Pub Date : 2021-09-07DOI: 10.1080/10910344.2021.1971714
Roan M. Kirwin, M. Jahan
Abstract Wire lag plays a major role in causing inaccuracies in certain geometrical shapes and profiles during machining of complex structures using wire-EDM. While previous studies focused on investigating effects of electrical parameters on machining performance and accuracy during wire EDM, the effects of non-electrical parameters on corner and profile accuracies have not been studied comprehensively. The objective of this study is to investigate effects of non-electrical parameters on the geometric and profile accuracies as well as surface and subsurface characteristics during WEDM of Ti-6Al-4V alloy. A complex part including corners with 45°, 90°, and 112.5° as well as thin wall section for measuring the kerf accuracy was designed. It is found that the profile accuracy improves as the wire tension increases. However, too high wire tension results in curved path in the sharp corners.
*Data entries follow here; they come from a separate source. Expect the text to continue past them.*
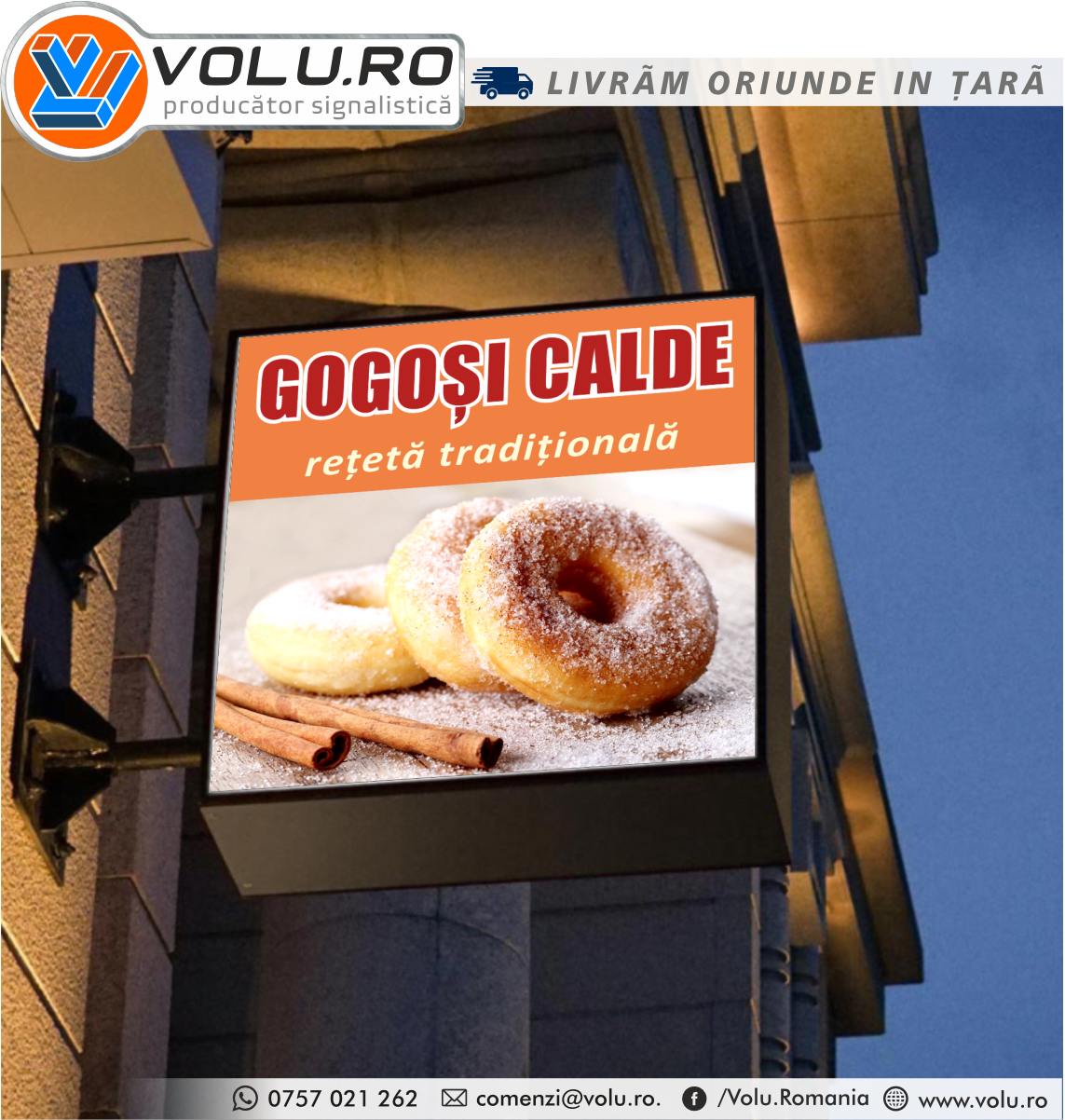 - Structură și Materiale: Casetă este realizată dintr-un profil de aluminiu rezistent la coroziune și fețe din plexiglas (stiplex) de înaltă calitate, care protejează grafica de razele UV și intemperii.
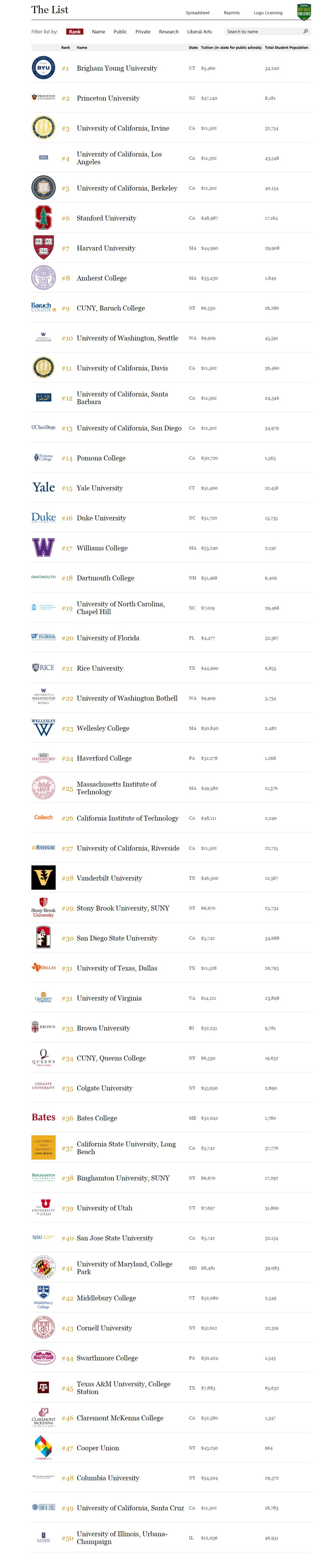 最近的美国大学排名,即2018年福布斯大学排名;
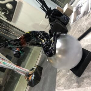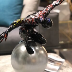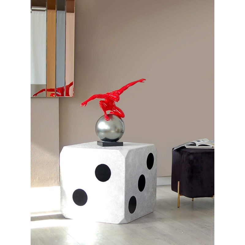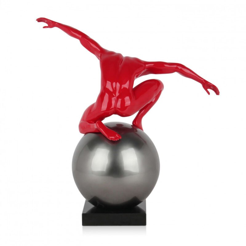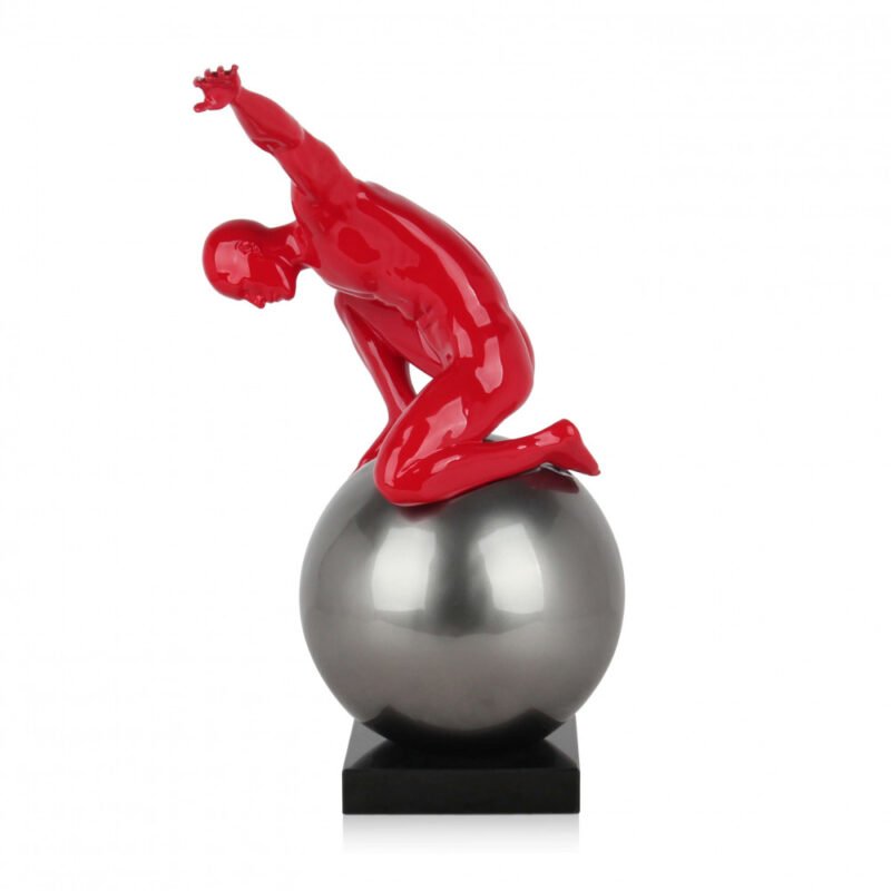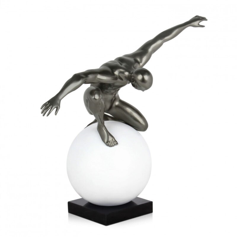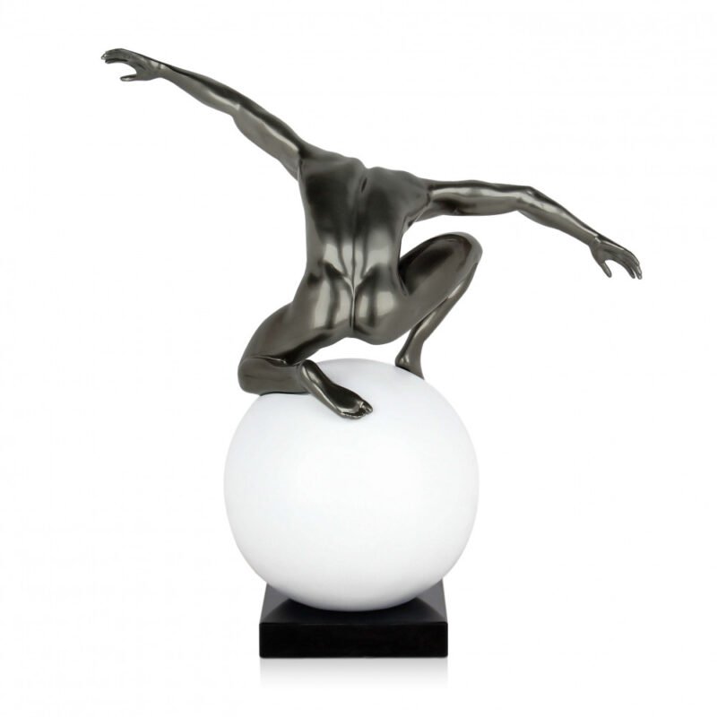Moderne figurative Skulptur aus seidenmattem Kunstharz mit Kugel in Metalloptik und Marmorsockel
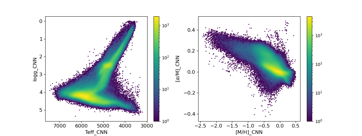 We also provide another set of atmospherical parameters including Teff, logg, [M/H] and [α/M], which is estimated by the convolutional neural network (CNN) method. The Teff vs. logg diagram and [M/H] vs. [α/M] diagram for the combined spectra of DR11 v1.1 are shown in the following figure.
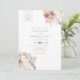 Cette invitation de mariage présente des feuilles de palmier aquarelles bohèmes et des fleurs de couleur terre légère avec une mise en page moderne élégante. Ajoutez facilement votre photo et votre site web de mariage au verso pour un touche personnelle. Cette invitation de mariage est l'ajout parfait à votre mariage bohème moderne sur la plage ou dans le désert.
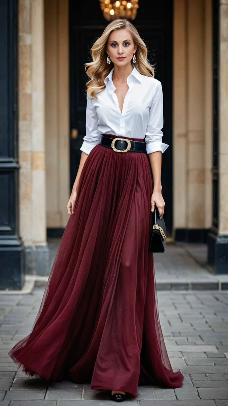 - الأحذية والإكسسوارات: للتنانير الطويلة يمكن اختيار أحذية بكعب عالٍ لإطالة الساقين، أما القصيرة فيمكن اعتمادها مع أحذية رياضية أو صندل منخفض. كما أن الحزام يمكن أن يكون عنصرًا أساسيًا لإبراز الخصر بشكل أكبر، خاصة مع التنانير الطويلة أو الجينز.
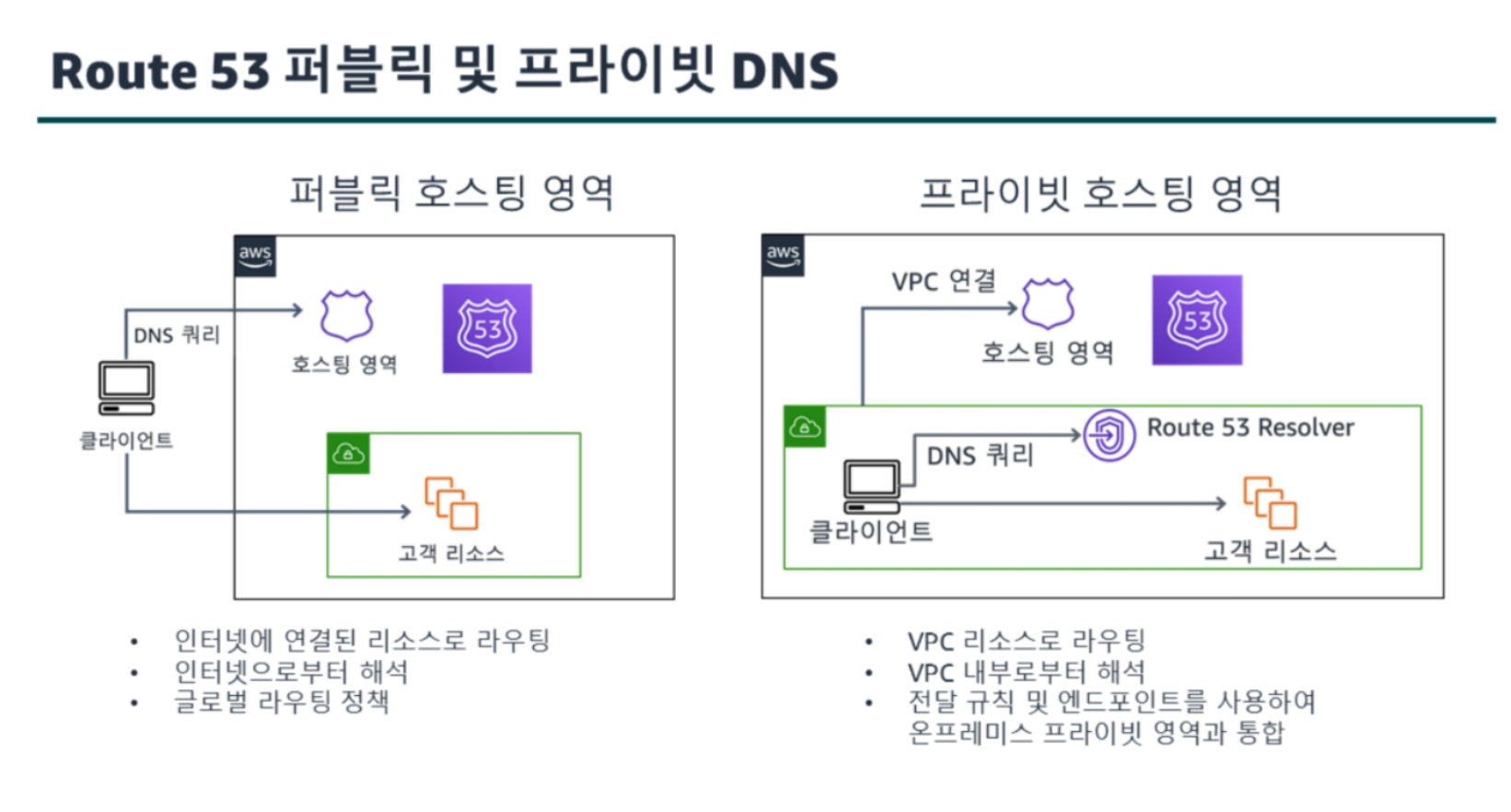 Route 53은사용자요청을Amazon Elastic Compute Cloud(Amazon EC2) 인스턴스, Elastic Load Balancing(ELB) 로드밸런서또는Amazon Simple Storage Service(Amazon S3) 버킷처럼AWS에서실행되는인프라에효과적으로연결하며, 사용자를AWS 외부의인프라로라우팅하는데에도사용할수있다.
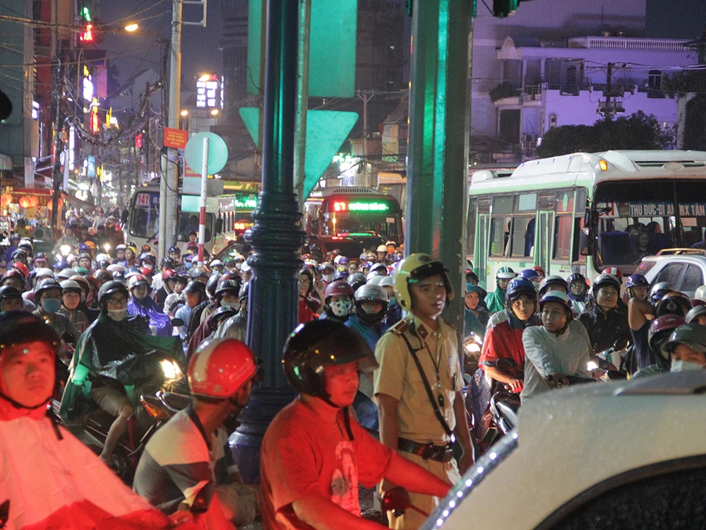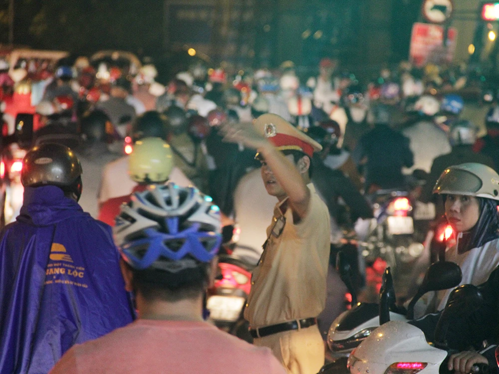 Lực lượng CSGT có mặt phân luồng nhưng do lượng phương tiện quá lớn nên tình trạng kẹt xe giảm chậm.
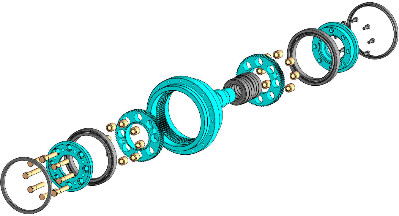 The starting point of the project was the original metal version of robotic ultra-precision drive, developed by the company Podkrižnik d.o.o. (also as part of past projects such as Gostop, SGU…). The drive operates according to the principle of eccentric cycloidal drive systems. It is mostly made of steel, but within the framework of this project, we want to make a hybrid version that will also contain polymer material. The goal is to reduce mass for about 15-25 %, while keeping the best possible performance of the drive system.
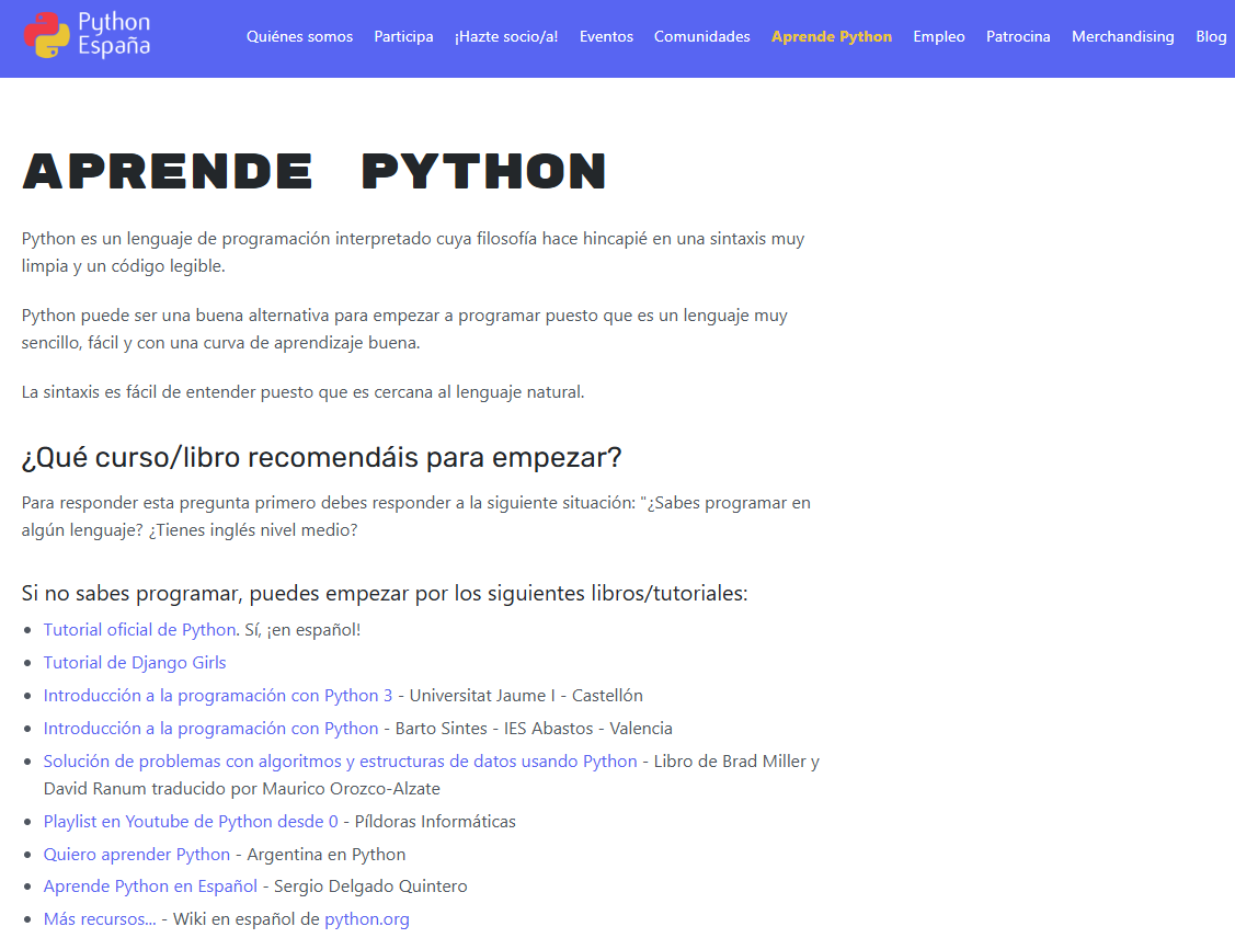 Los alumnos me preguntan mucho sobre recursos de Python para seguir aumentando sus conocimientos en este lenguaje de programación. Uno de las grandes ventajas de aprender Python es la gran cantidad de desarrolladores y páginas web relacionados con esto, que podemos encontrarnos en la web. Voy a dejar un listado de los que considero interesantes, pero, por supuesto, me dejo muchos en el “tintero”, es sólo un acercamiento a este campo.

The effect of wire tension is more pronounced on the workpiece with higher thickness. Too high wire feed rate reduces the accuracy for target angles, especially for lower thickness of workpiece. The kerf width is smaller for thinner workpiece and improves with lower wire feed rate and wire tension. While the wire tension and wire feed rate do not have an impact on surface roughness, higher surface feed rate increases surface roughness. Higher wire tensions lead to higher surface cracking due to more rapid cooling. With increase of surface feed, the percentage of arcing pulses increases due to increased instability, which results in rougher surface and increased percentage of beta phases at the subsurface.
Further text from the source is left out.